The European Central Bank (ECB) confirmed on Thursday that its Banks’ Integrated Reporting Dictionary (BIRD) website has been compromised by attackers and taken down until the situation is brought under control.
The compromise may have resulted in the attackers harvesting the email addresses, names and position titles of 481 subscribers to the BIRD newsletter, but not their passwords.
About the breach
The European Central Bank is responsible for the management of the euro and conducts monetary policy of the Eurozone.
The BIRD website, set up to provide the banking industry with details on how to produce statistical and supervisory reports, is hosted by an external provider and is physically separate from any other external and internal ECB systems, the Bank explained.
“The breach succeeded in injecting malware onto the external server to aid phishing activities. The external BIRD website has been closed down until further notice. Neither ECB internal systems nor market-sensitive data were affected.”

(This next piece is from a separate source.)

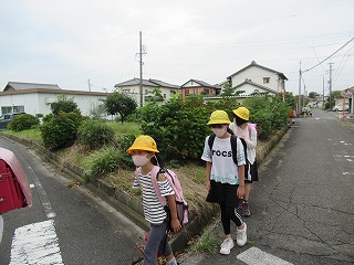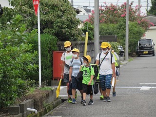 今日も見守り隊の皆さんに付きそわれ、安全に登校できました。むし暑い中、ありがとうございます。子どもたちも夏休みの課題を手に登校してきました。

The ECB says that the breach came to light during regular maintenance work but, according to Reuters, it dates back to December 2018. Were it not for the maintenance work, who knows how much longer the compromise would have remained unnoticed.

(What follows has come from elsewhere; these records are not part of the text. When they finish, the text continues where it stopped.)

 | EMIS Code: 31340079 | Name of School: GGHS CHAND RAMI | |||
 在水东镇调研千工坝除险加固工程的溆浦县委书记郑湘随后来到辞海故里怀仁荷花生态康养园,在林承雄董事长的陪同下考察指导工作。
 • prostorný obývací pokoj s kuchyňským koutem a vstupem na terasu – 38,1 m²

The ECB has informed the European Data Protection Supervisor about the breach and has notified the individuals whose information was compromised.
While the information is not that sensitive and can surely be easily collected from various organizations’ websites, a list such as this one is a perfect ready-made asset for spear-phishing attempts.
In fact, the 2014 breach of one of ECB’s databases serving its public website resulted in the theft of similar information. The ostensible goal of those attackers was to hold the stolen data ransom.